Antioxidant and vasorelaxant effects of aqueous extract of large cardamom in L-NAME induced hypertensive rats
Published in Clinical and Experimental Hypertension, 2020
S K Kanthlal, Jipnomon Joseph, Bindhu Paul, Vijayakumar M, Uma Devi P
Concurrent treatment with AELC prevented the increase in blood pressure induced by L-NAME in a dose-dependent manner and also restored vascular responses to acetylcholine.

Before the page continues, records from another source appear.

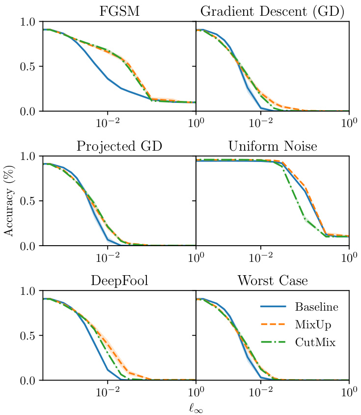 Having established that MixUp distorts learned functions, we now seek to answer the third question from our introduction by determining the impact of data distortion on trained class if i ers. Since it is our assessment that models trained with MixUp have an altered ‘perception’ of the data distribution, we suggest an analysis based on adversarial attacks, which involve perturbing images outside of the perceived data distribution to alter the given classification. We perform fast gradient sign method, standard gradient descent, projected gradient descent, additive uniform noise, and DeepFool [28] attacks over the whole CIFAR-10 test set on PreAct-ResNet18 models subject to $\ell_{\infty}$ constraints using the Foolbox library [33, 34]. The plots for the additive uniform noise and DeepFool attacks, given in Figure 1, show that MixUp provides an improvement over CutMix and the augmented baseline in this setting. This is because MixUp acts as a form of adversarial training [16], equipping the models with valid classifications for images of a similar nature to those generated by the additive noise and DeepFool attacks. In Figure 1, we additionally plot the worst case robustness following all attacks as suggested by Carlini et al. [18]. These results show that the adversarial training effect of MixUp is limited and does not correspond to a general increase in robustness. The key observation regarding these results is that there may be practical consequences to training with MixUp that are present but to a lesser degree when training with CutMix. There may be value to creating a new MSDA that goes even further than CutMix to minimise these practical consequences.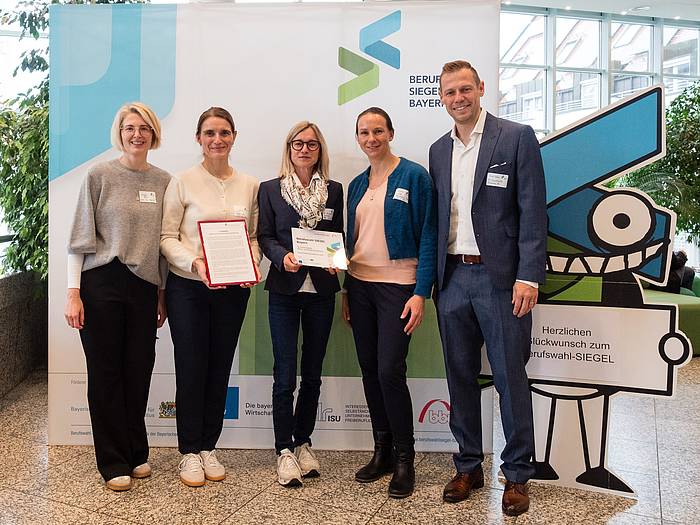 In Gersthofen wurde die Auszeichnung des Bildungswerks der Bayerischen Wirtschaft (bbw) an die Schulleiterin Ute Zimmermann, die stellvertretende Schulleiterin Simone Mayr, die KBO und erweiterte Schulleitung Susanne Saliji und die Fachschaftsleiterin der Wirtschaftswissenschaften Katharina Schuster feierlich übergeben.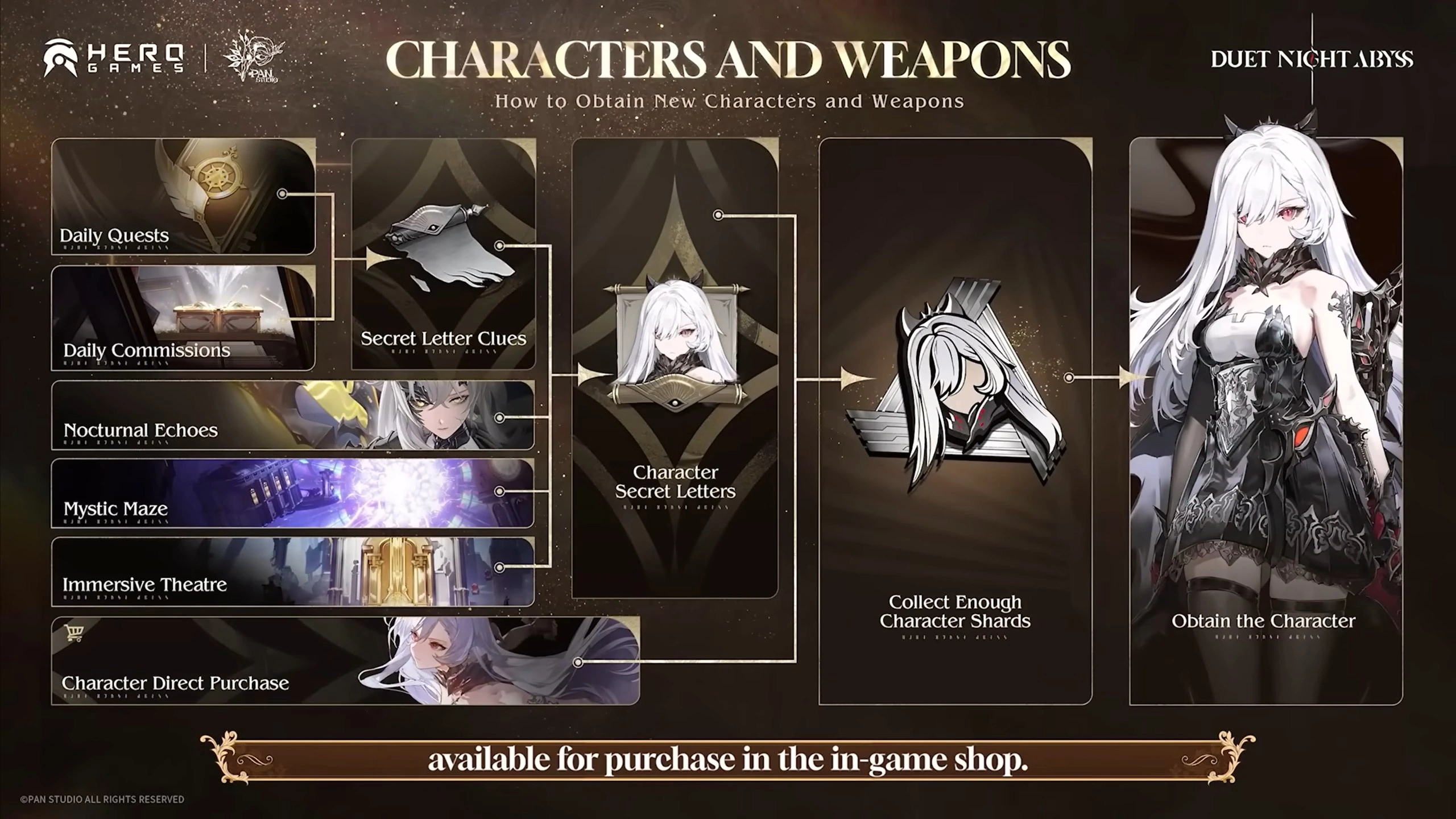 As Pan Studio made the decision to remove gacha from the game, characters and weapons are instead grindable through currency and dungeon content, or purchased outright.

In this study, disruption of the NO pathway initiated by L-NAME resulted in significantly reduced plasma NOx concentration. The increase in plasma NOx levels after AELC treatment may be explained by the fact that large cardamom could directly act on the vascular system and enhance the NO production. Experimental models of hypertension suggest the arterial baroreflex system is altered during arterial pressure elevations by vasomotor driven sympathoexcitation which further disrupts NO bioavailability (30). Significant decrease in elevated mean arterial pressure with respect to plasma NO level showed by AELC in L-NAME treated rats indicates that suppressing sympathoexcitation by reduction in baroreflex sensitivity could also be a possible mechanism to prevent hypertension. Large cardamom is reported to consist of different constituents like cardamonin, alpinetin, cyanidin-3-glucoside, etc. Previous studies have established the vasorelaxant effect of cardamonin and alpinetin, whereas anthocyanin pigment cyanidin-3-glucoside has been reported to prevent and attenuate hypertension by increasing the expression of eNOS (31,32). Therefore, we postulate that the antihypertensive effect of large cardamom extract might be due to its ability to diminish the peripheral resistance by vasodilating activities. Permanent increase in systemic blood pressure often leads to vascular hypertrophy. In fact, in the present study, it was found that treatment with L-NAME increased the cardiac weight and histological analysis showed an increase in the thickness of the vascular wall (33). Endothelial dysfunction in L-NAME–treated rats is also associated with increased production of endothelium-derived constricting substances (EDCF) like endothelin, angiotensin II, arachidonic acid derivates, or free radicals in the femoral arteries (34). Treatment with AELC reduced the aortic thickening and improved the acetylcholine-induced endothelium-dependent relaxation in NO deficient hypertensive rats. Hence, it can be hypothesized that endothelium-dependent relaxation showed by AELC could also prevent the aortic pressor sympathetic stimuli which can lead to increase heart rate with respect to peripheral vascular resistance.